Solved! Go to Solution.
Hi,
Thanks for writing to us.
As you are not concern much about the sampling period. I suggest you can increase the sampling period to 500 ms or higher. in that case, even you are calling AMDTPwrReadAllEnabledCounters less frequently, your number of sample records will be less and there is less probability of loosing samples.
Just to explain how it works in AmduProf consider following example
AMDuProfCLI timechart --event Energy -t 100 -d 10 -o timechart
1. AMD driver collects average power value (from last read) EXACTLY at 100ms intervals and stores in a ring buffer.
2. At every 100 ms (APROXIMATELY) at user space user space AMDuProfCLI program read these samples from ring buffer and write into a txt/csv files. Since you have used -d 10, it will run for 10 sec in this manner.
Ring buffer is of a fix size based on platform and some other parameters. So number of samples it can hold depends on the size of the ring buffer. If there is no AMDTPwrReadAllEnabledCounters call for long time ring buffer will be full and start overwriting.
In your case (Example code), you have selected 100ms (-t 100 option) as sampling rate and trying to consume data from AMDTPwrReadAllEnabledCounters at 10Sec. That means at minimum 100 samples ring buffer need to hold.
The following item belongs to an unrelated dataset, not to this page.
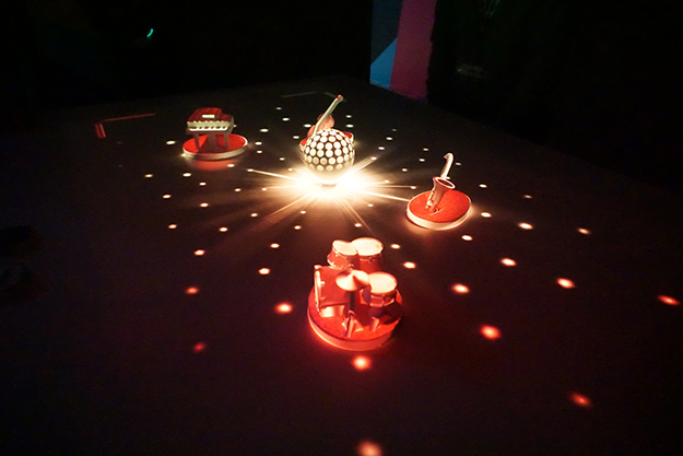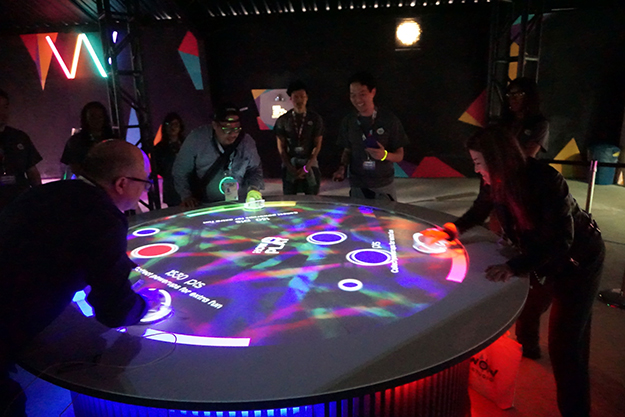 Interactive Tabletop Projector(インタラクティブテーブルトッププロジェクター)は、テーブルの上に掲げられたプロジェクターがオブジェクトを認識し、3Dインタラクティブプロジェクションマッピングを実現できる。デモでは楽器のモックアップに対してプロジェクションがあたり、しかも指先一つで音楽演奏も奏でることができるものが紹介されていた。同時に8個のタッチポイントを認識できるので複数人で同時に体験できる。ゲームはもちろん、会議などでも活用できるようになるだろう。

In your program, you have selected all available counters to collect data. in that case ring buffer is not sufficient to hold all samples.
Following can be done
1. Increase sample period from 100ms to 500ms or 1Sec
2. Collect data frequently by calling AMDTPwrReadAllEnabledCounters
3. Reduce number of counters for profiling
Regarding your second part of question:
AMDuProf always take the difference from previous read. For e.g. if you are collecting counters data at 100ms, 200ms,300ms then sample collected in 200ms is average between 100ms to 200ms. So you don't need to reset anything. Hope it is clear.
Thanks
Hi,
Thank you for submitting the issue you mentioned. I hope this issue is appearing when you are using Power Profiler APIs. I have following few queries to understand this issue
1. Is this happens when you use AMDuProfCLI ?
2. What is the sampling rate you are setting?
We will also try to reproduce this issue at our end and update you soon.
Thanks
Hi,
Thanks so much for your response. I have not tried it with the AMDuProfCLI (since I needed this to run as part of a separate application) but can give it a try. Are there a set of CLI options that you would suggest I use which would reveal if this behavior is present?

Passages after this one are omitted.